### Exercise details
Although the data holds pictures, return only the lines from the one containing "Первая половина XVIII" to the end, exactly, and without them.
[[ Data excerpt open ]]
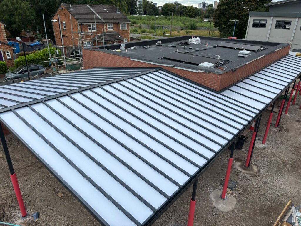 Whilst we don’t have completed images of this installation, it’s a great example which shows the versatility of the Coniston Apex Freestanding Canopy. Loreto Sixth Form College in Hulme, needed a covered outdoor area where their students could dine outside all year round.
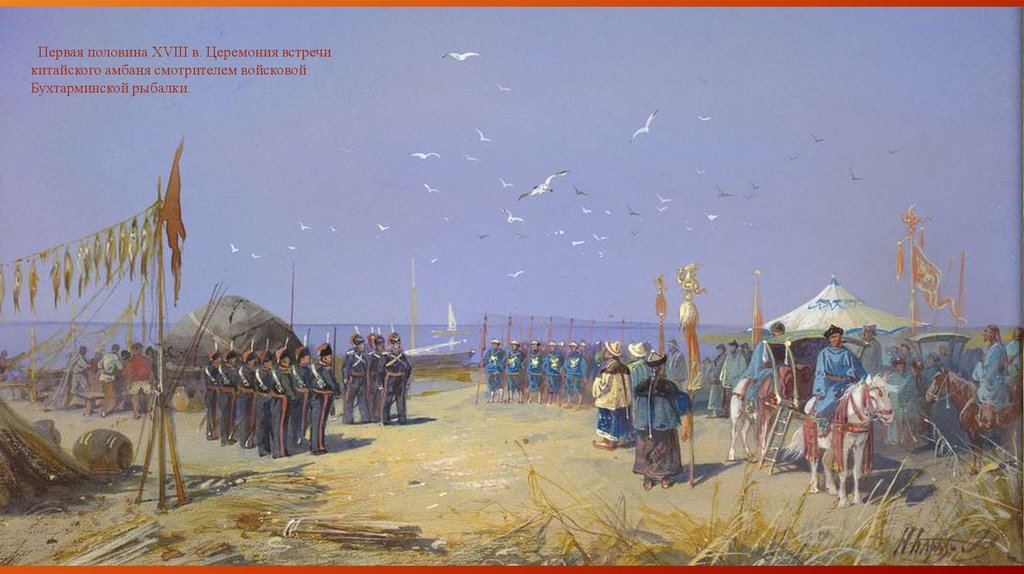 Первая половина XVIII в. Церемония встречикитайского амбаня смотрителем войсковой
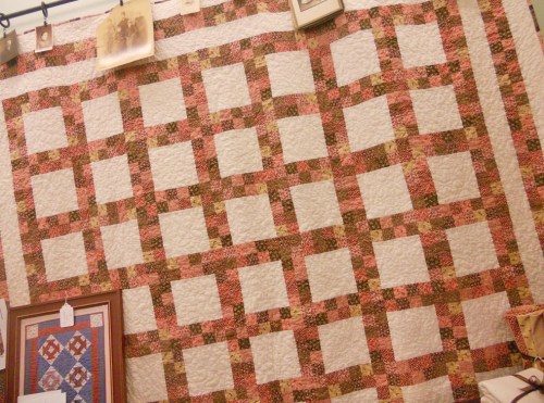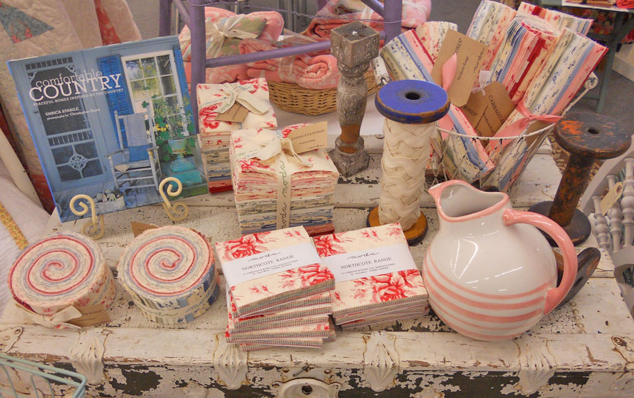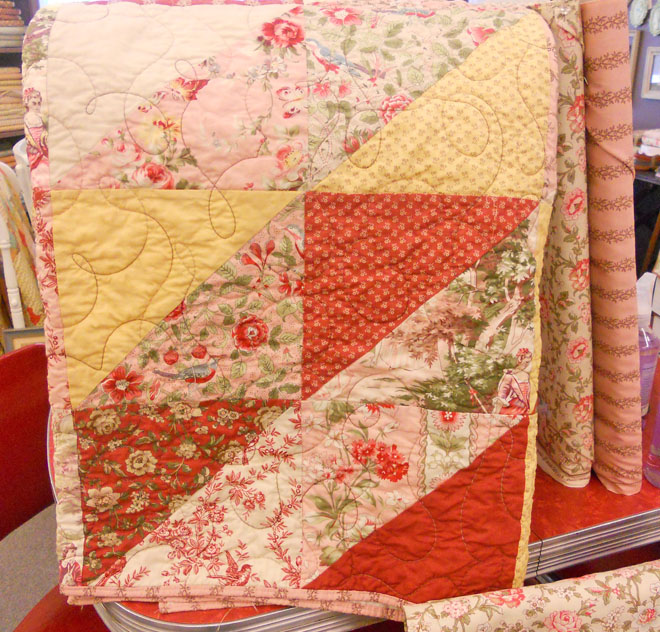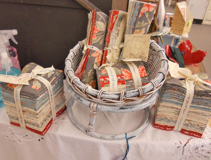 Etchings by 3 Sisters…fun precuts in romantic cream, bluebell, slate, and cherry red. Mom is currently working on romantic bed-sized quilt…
[[ Data excerpt closed ]]
### Result for this task
 Первая половина XVIII в. Церемония встречикитайского амбаня смотрителем войсковой
 Etchings by 3 Sisters…fun precuts in romantic cream, bluebell, slate, and cherry red. Mom is currently working on romantic bed-sized quilt…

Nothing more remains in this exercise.